Il m’a également beaucoup apporté sur le niveau de compréhension
des enfants en me faisant des remarques précises sur le choix des
mots. C’est lui aussi qui m’a aidée ensuite à construire
l’accompagnement pédagogique autour du spectacle. J’avais envie
que ce spectacle soit un point de départ, une invitation à entrer
en philosophie et il me semblait fondamental de pouvoir donner des
éléments aux enseignants et aux parents pour l'organisation de
goûters philo après les représentations, la création de valises
pédagogiques à exploiter en classe (adaptées en fonction des
différentes tranches d’âge), et enfin la création d’une
exposition attenante aux spectacles (en cours de réalisation). Sa
présence était pour moi importante car même si on ne se situe pas
aux mêmes endroits
et si son regard est plus proche de celui du pédagogue, il me donne
une légitimité et une liberté plus grande dans l’écriture.
Marie
Levavasseur, quelle histoire raconte votre spectacle ?
Comme
je voulais travailler sur la question « Qui suis-je ? »,
j’ai choisi un personnage « en devenir », qui n’a pas
encore d’identité. Il ne sait pas qui il est, car il n’a pas de
prénom. Il n’a pas de papa, pas de maman et ne doit
compter que sur lui-même pour apprendre à grandir. Pied
de nez à la philosophie, Bric à brac, personnage principal de
l’histoire ne se pose pas de questions métaphysiques (ou
presque !). Elle répond à chaque fois aux situations qui lui
sont proposées de manière très pragmatique. C’est à travers les
expériences qu’elle traverse que se posent les questions
philosophiques : l’autre, la mort, l’amitié, le fini et
l’infini, la filiation, la peur… avec, à chaque fois, en fil
rouge, la question « qu’est-ce que grandir ? »
Le
thème de l’abandon est évidemment central mais il n’est pas
abordé frontalement, et jamais de manière psychologique. Il est
évoqué de manière très suggestive et poétique. C’est davantage
le sentiment d’abandon et le fait de savoir comment il résonne en
chacun de nous qui m’intéressait, parce qu’il est aussi
fondamental dans les étapes de notre construction.
L’autre
personnage central de l’histoire est le personnage de Jean-Pierre,
philosophe par nature et de profession. Est-ce un hasard ? C’est la
première rencontre que fera Bric à brac, une rencontre décalée et
inattendue qui sera déterminante dans son parcours. Jean-Pierre,
personnage drôle et attachant (et qui adore les questions) se
prendra au jeu et tentera d’apporter des réponses aux questions de
la petite fille. Jamais dans l’affect, il garde toujours de la
distance et renvoie souvent la petite fille face à ses propres
interrogations. Il lui apprend à réfléchir, à trouver ses
propres réponses. Il sera lui aussi bousculé par cette rencontre et
finira par accepter de devenir marraine de l’enfant... (Oui, j'ai
bien dit marraine !)
Quelques
thèmes traversent la pièce, comme l'amitié, qui est la prise de
conscience de l’autre, du partage. Peut-on vivre sans les autres ?

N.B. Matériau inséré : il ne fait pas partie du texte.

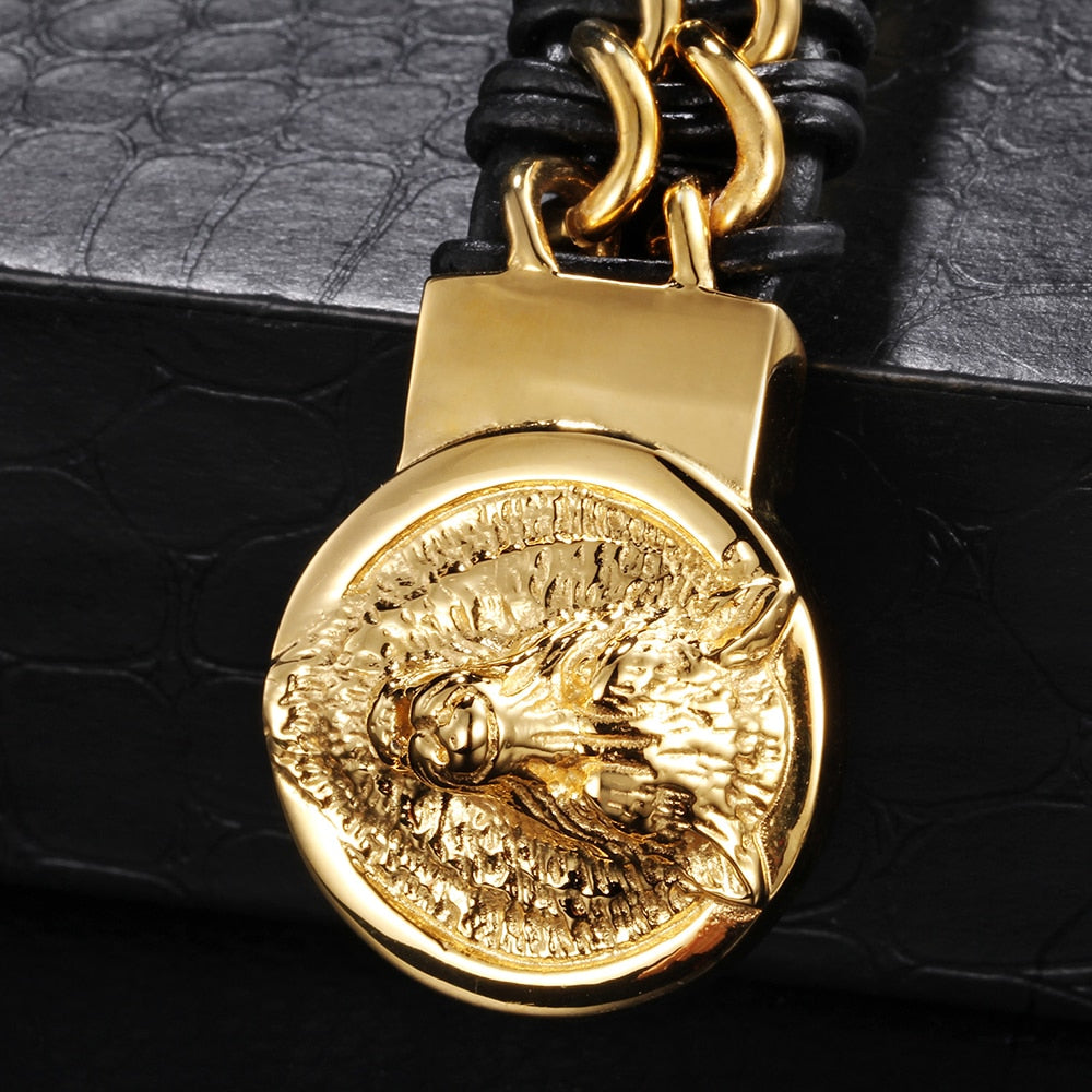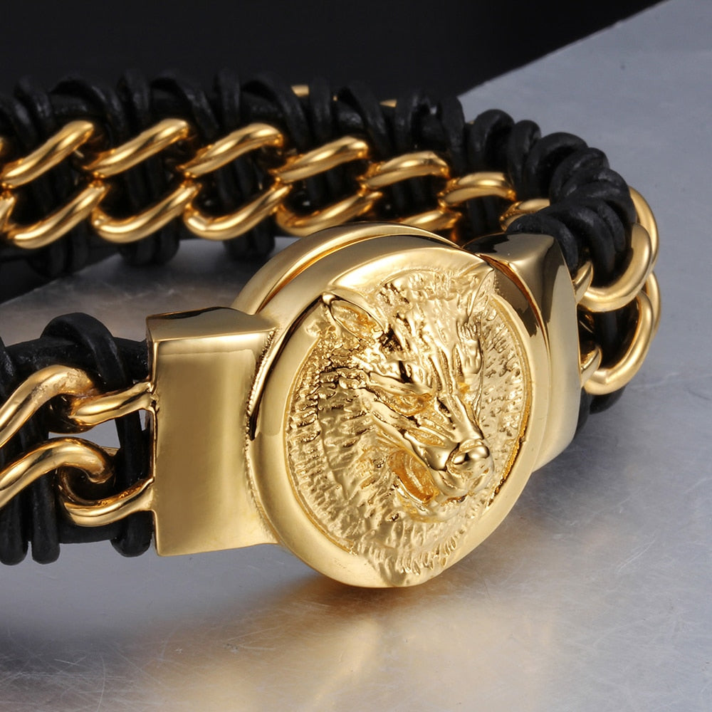 Pulsera de cabeza de lobo de cuero genuino trenzado de acero inoxidable color dorado de Bikers Jewelry

Est-ce que l’autre est un autre moi ? A l’âge de la
sociabilisation et des premiers liens d’amitiés, c’est une
expérience forte dans le parcours de Bric à brac. Le thème de la
mort, également, est important car il est fondamental dans la
construction de la pensée de l’enfant de quatre ans. La prise de
conscience du “Je” à cet âge là est simultanée à la prise de
conscience de la mort. A partir du moment où je réalise que je peux
mourir, je prends conscience de mon existence, et inversement. Enfin,
la peur est présente dans tous les contes initiatiques :
l’expérience de la peur est fondatrice dans la construction de
l’identité. Comment réussir à dépasser ses peurs ? A quoi
sert la peur ? Est-ce que c’est normal d’avoir peur ?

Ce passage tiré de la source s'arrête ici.